In particular, you need to ask for some very pointed information to make sure that you have coverage for the treatments you need. When you call your insurance company, pose these questions:
. What infertility benefits are included?
. What do they feel is excluded?
. Do they have an age limit for the coverage that they provide?
. Do they cover fertility drugs for your plan? How about drugs like FSH, hCG, Gonadotropin, Clomid and HMG?
. What specific treatments do they cover? How about IVF, IUI, ICSI, GIFT or ZIFT?
. How many cycles of IVF to they cover, and how exactly do they define a cycle? If you drop a cycle midway because it doesn't look promising, does it still count as a cycle?
. What specific tests do they cover? Do they cover ultrasounds, semen analyses, progesterone and estrogen tests, lab work, post-coital tests?
. What clinics do they specifically offer these treatments in? What clinics are affiliated?
. Are there any specific doctors and specialists that you should go to?
Do make sure that you know all the diagnostic codes for all the treatments and tests that the clinic does. You will find these records quite useful, should a dispute arise.
You absolutely do need to make sure that you know exactly whom you speak to at the insurance company each time you pick up the phone and call them. You should also look into recording your conversations. In fact, it would not be a bad idea to conduct all your conversations over live chat. This way, you will have a written record.

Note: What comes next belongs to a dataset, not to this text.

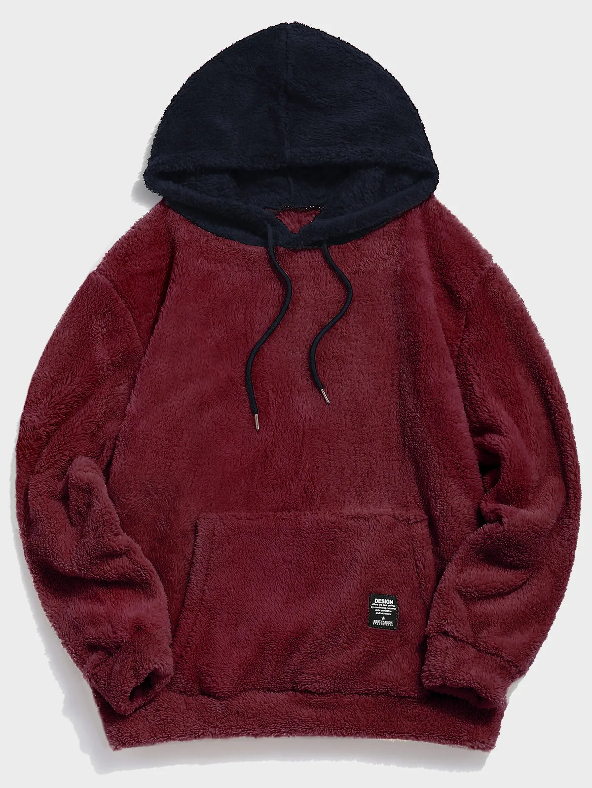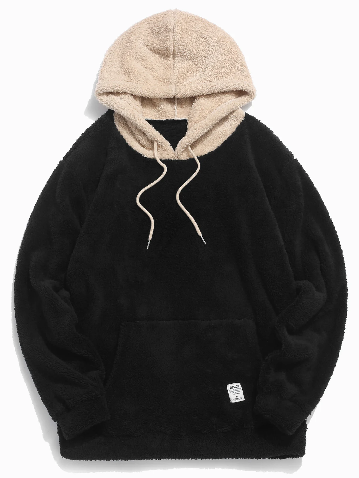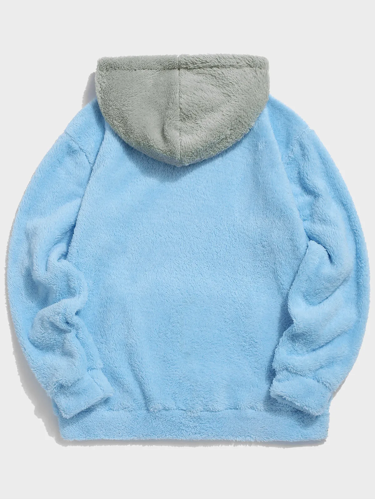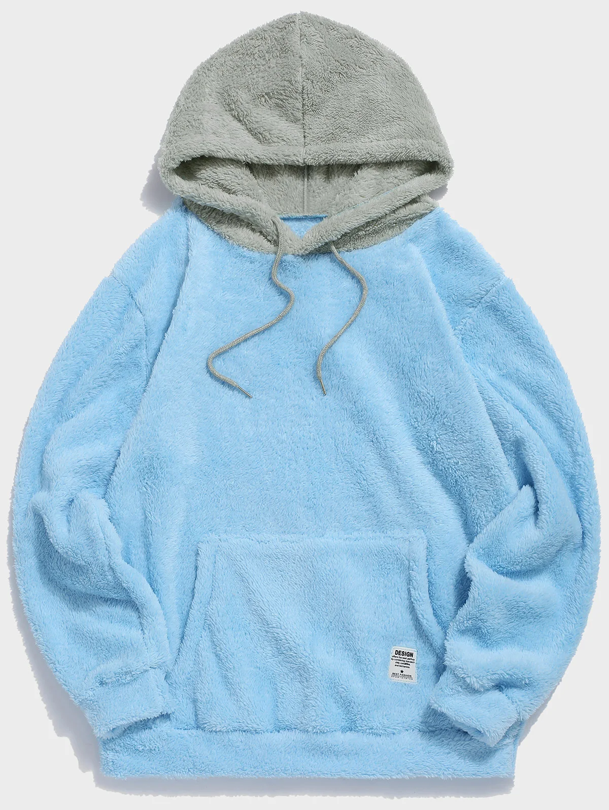 ZAFUL мужские толстовки с капюшоном с цветными блокировками, пушистые пуловеры, мужские толстовки с капюшоном на завязках, уличная одежда, однотонные топы на осень

It's just the way insurance works...
Certainly, this is not the way a happy fertility treatment process should go, but it's the best we have. At a time when most people do not have infertility insurance, it can be a pleasant problem to have, to need to grill your insurance people for specific answers.
We live in a time when people need to turn to infertility treatments more than ever before, to simply have a child. The fact that people think of starting a family quite late in life does have something to do in all of this. The way these treatments are priced though, most people could never afford them without help from their insurance company. How does infertility insurance work, though? Who gets it and who doesn't? This is what this article, based on the keyword phrase "infertility insurance", is all about.